▼▼▼

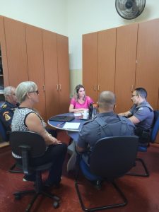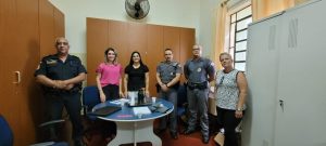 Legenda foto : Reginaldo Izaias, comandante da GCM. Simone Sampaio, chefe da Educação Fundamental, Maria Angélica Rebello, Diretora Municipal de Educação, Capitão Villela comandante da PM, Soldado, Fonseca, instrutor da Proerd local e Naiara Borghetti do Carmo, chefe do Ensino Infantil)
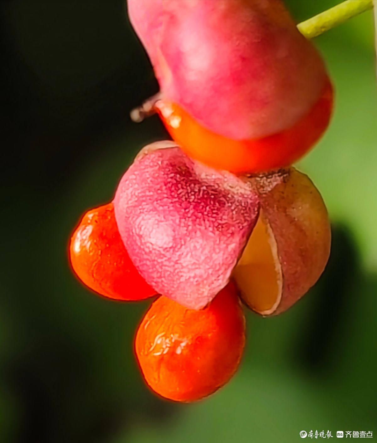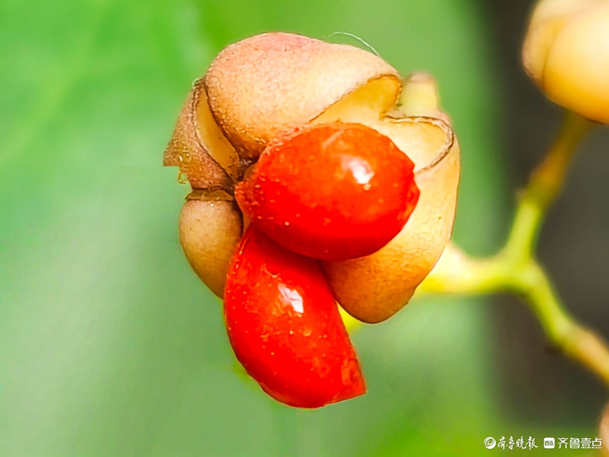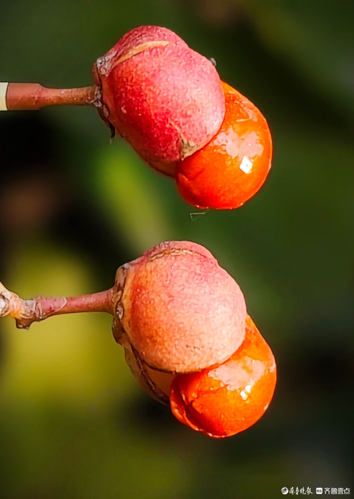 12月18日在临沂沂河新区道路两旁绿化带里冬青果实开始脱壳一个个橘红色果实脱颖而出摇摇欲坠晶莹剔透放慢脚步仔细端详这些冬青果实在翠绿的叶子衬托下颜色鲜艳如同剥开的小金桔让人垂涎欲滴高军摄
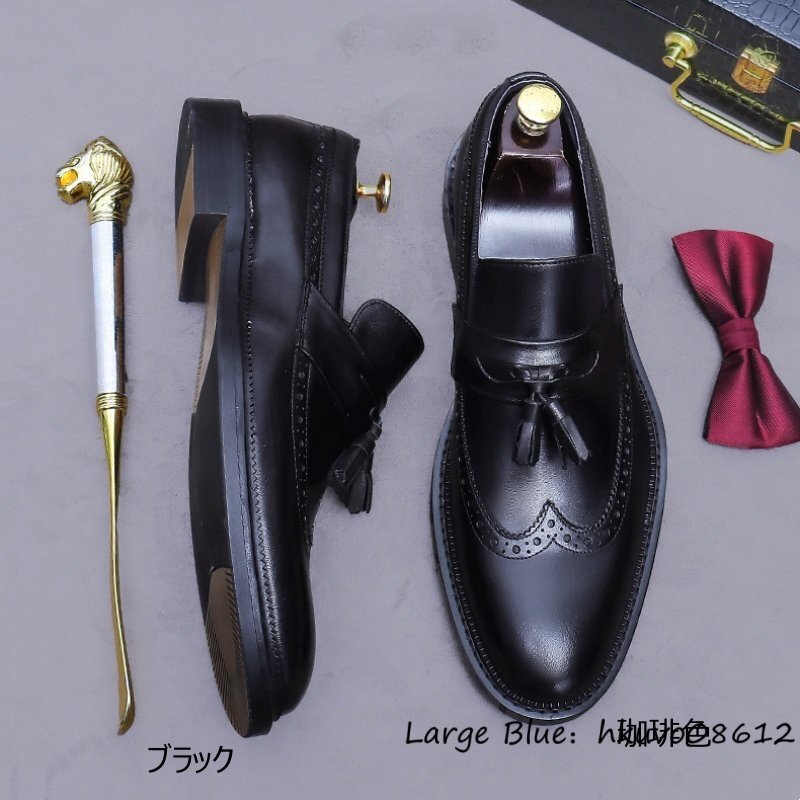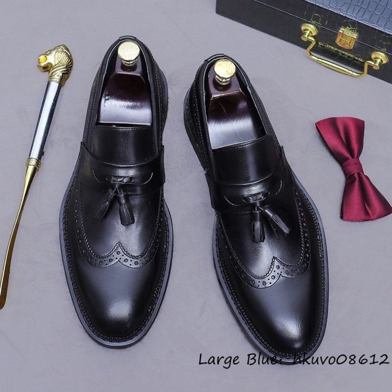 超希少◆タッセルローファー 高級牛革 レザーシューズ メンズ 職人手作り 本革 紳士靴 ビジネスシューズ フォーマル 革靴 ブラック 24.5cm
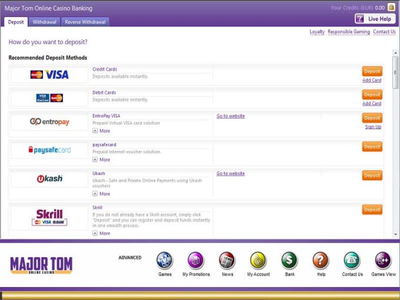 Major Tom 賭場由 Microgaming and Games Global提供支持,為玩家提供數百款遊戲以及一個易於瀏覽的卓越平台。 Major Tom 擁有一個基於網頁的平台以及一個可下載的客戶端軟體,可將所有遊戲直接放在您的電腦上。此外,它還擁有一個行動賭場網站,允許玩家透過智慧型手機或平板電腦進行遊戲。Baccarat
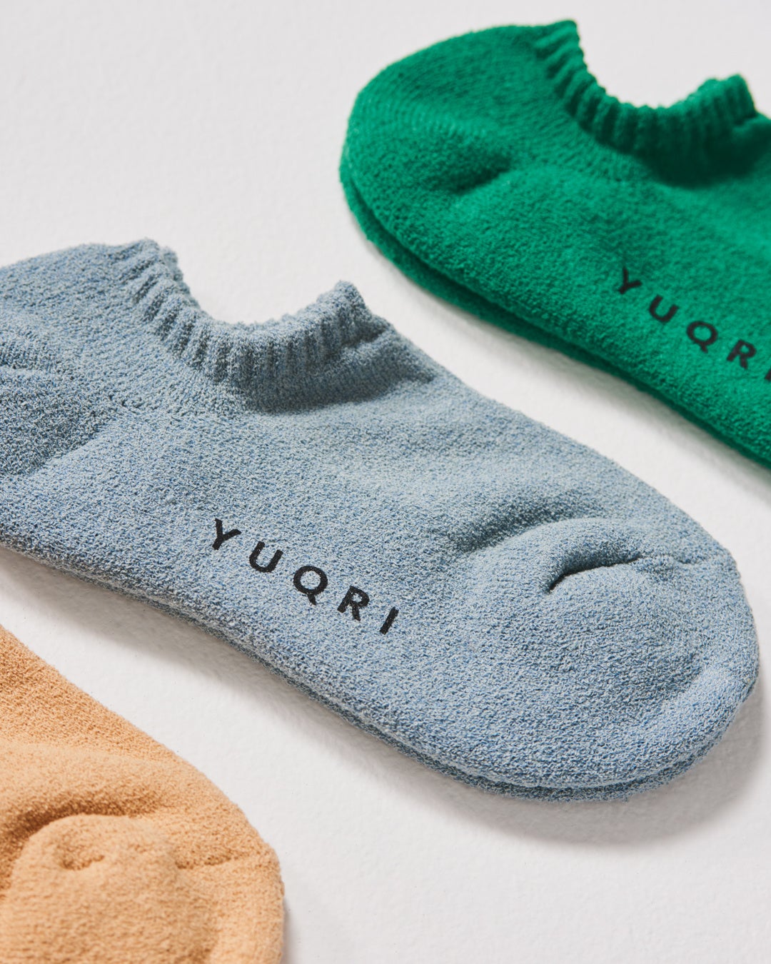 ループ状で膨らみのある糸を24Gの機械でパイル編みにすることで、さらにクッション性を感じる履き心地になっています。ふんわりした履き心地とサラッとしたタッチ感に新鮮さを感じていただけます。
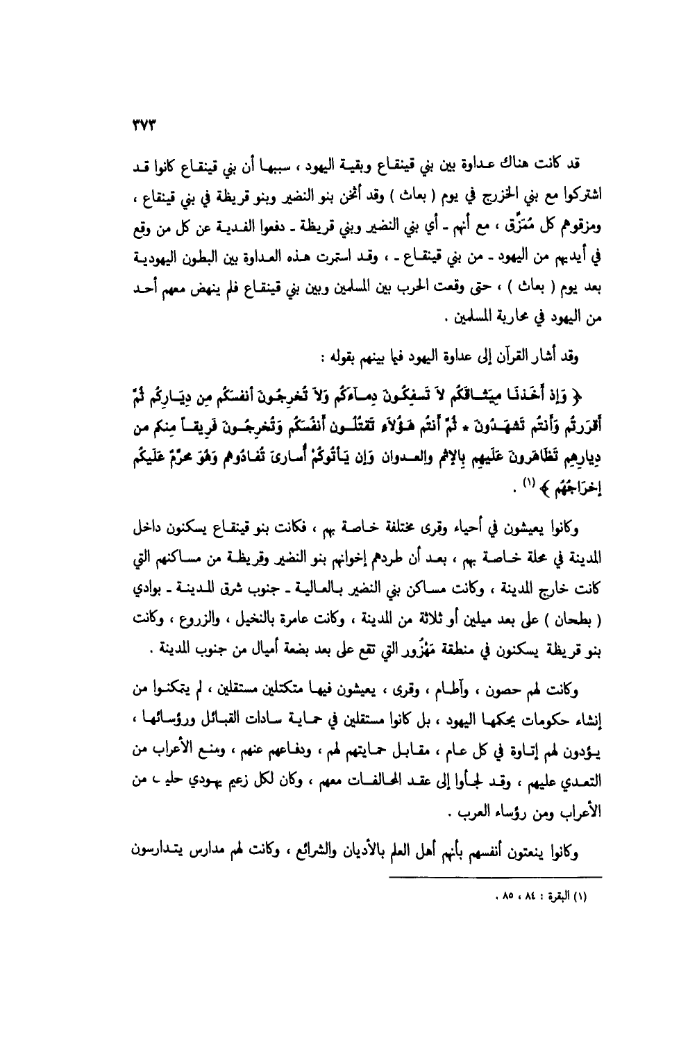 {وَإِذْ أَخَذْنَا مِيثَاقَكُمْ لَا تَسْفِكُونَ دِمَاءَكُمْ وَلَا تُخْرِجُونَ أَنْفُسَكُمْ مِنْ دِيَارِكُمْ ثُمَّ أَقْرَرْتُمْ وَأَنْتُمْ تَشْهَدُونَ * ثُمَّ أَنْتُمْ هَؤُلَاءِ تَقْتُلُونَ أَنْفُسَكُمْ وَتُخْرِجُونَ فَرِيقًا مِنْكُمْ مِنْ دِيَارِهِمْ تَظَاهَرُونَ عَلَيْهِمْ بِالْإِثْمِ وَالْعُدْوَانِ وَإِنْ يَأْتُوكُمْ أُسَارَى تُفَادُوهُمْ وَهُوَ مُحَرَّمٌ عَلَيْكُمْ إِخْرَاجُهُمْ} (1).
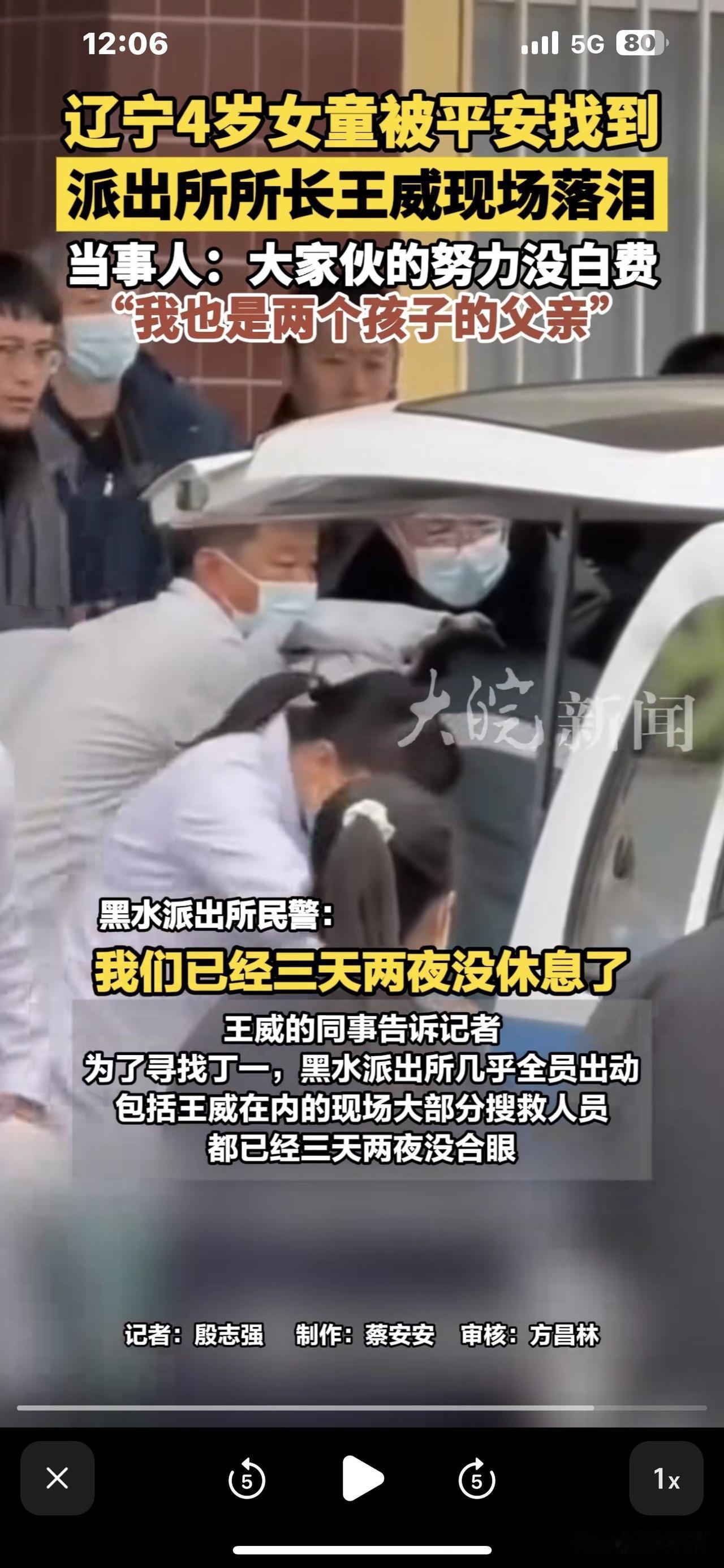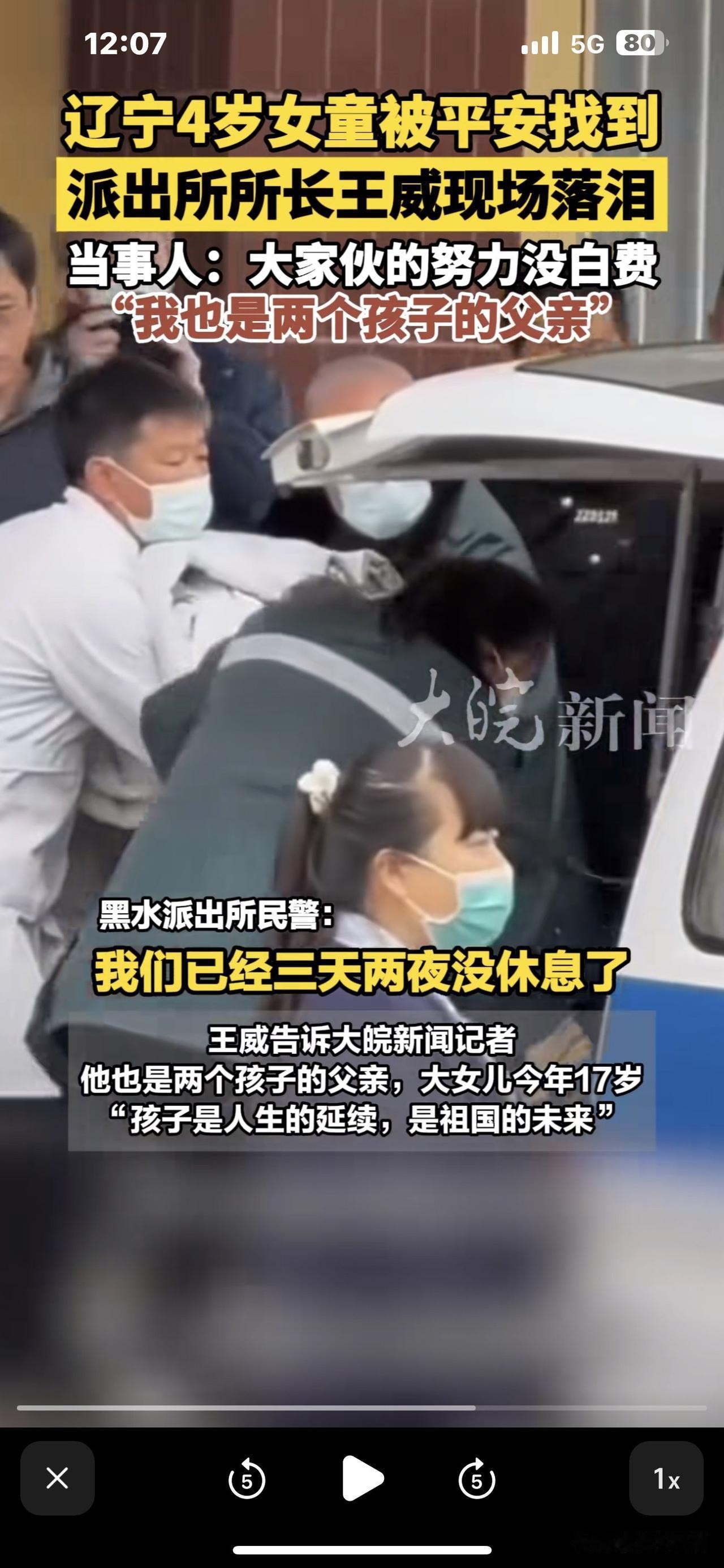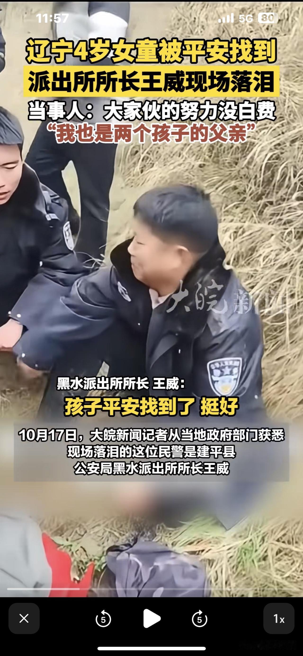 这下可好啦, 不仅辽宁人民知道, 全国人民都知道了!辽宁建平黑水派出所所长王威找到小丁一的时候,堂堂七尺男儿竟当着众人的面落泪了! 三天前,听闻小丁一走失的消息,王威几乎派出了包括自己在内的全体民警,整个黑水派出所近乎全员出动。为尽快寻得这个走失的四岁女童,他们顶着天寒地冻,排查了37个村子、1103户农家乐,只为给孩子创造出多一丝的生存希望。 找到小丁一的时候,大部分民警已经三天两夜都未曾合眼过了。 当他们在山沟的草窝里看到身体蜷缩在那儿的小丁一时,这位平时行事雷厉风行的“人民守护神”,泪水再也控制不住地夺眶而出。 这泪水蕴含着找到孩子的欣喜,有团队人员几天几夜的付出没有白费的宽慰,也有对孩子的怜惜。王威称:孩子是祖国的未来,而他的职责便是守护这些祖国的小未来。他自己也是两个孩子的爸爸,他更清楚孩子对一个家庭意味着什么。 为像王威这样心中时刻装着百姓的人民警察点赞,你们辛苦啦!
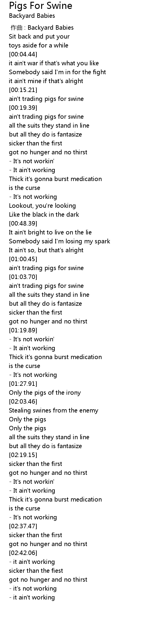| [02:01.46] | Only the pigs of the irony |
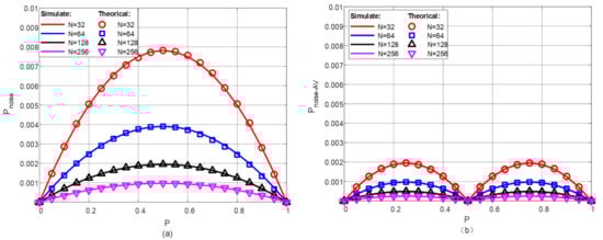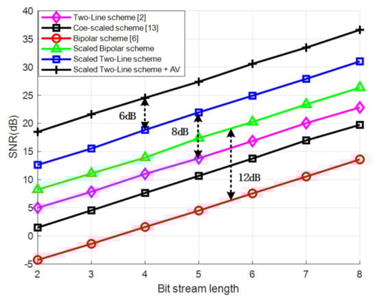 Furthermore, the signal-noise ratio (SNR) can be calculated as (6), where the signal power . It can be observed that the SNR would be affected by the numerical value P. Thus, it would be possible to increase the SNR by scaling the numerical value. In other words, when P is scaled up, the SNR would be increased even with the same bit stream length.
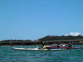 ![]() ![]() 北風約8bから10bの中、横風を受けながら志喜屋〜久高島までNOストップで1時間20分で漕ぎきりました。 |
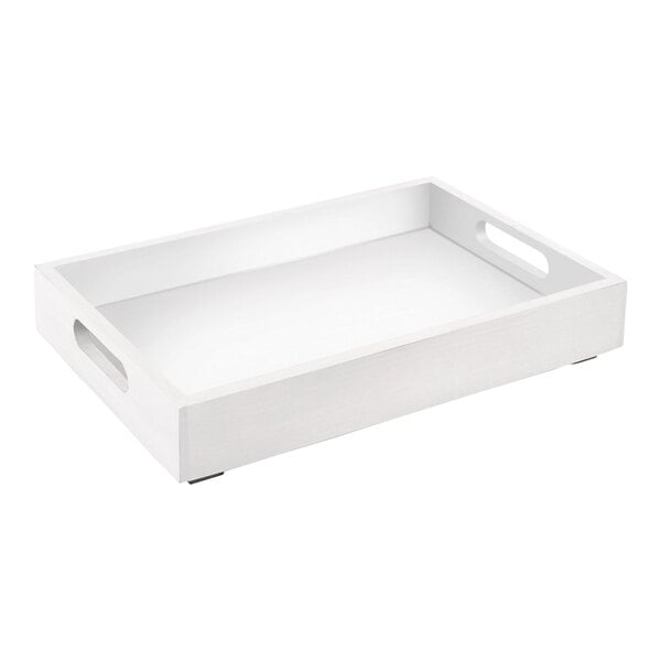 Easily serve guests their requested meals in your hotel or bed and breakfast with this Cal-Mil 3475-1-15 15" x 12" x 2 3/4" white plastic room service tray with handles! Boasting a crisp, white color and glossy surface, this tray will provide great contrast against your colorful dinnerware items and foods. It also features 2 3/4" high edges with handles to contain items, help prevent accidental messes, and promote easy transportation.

▲▲▲

WORK TASK
Only the lines from the one containing "Furthermore, the signal-noise" through the last line of the entries above should be copied, exactly as they are and without the pictures.

ANSWER TO THIS TASK
 Furthermore, the signal-noise ratio (SNR) can be calculated as (6), where the signal power . It can be observed that the SNR would be affected by the numerical value P. Thus, it would be possible to increase the SNR by scaling the numerical value. In other words, when P is scaled up, the SNR would be increased even with the same bit stream length.
 ![]() ![]() 北風約8bから10bの中、横風を受けながら志喜屋〜久高島までNOストップで1時間20分で漕ぎきりました。 |
 Easily serve guests their requested meals in your hotel or bed and breakfast with this Cal-Mil 3475-1-15 15" x 12" x 2 3/4" white plastic room service tray with handles! Boasting a crisp, white color and glossy surface, this tray will provide great contrast against your colorful dinnerware items and foods. It also features 2 3/4" high edges with handles to contain items, help prevent accidental messes, and promote easy transportation.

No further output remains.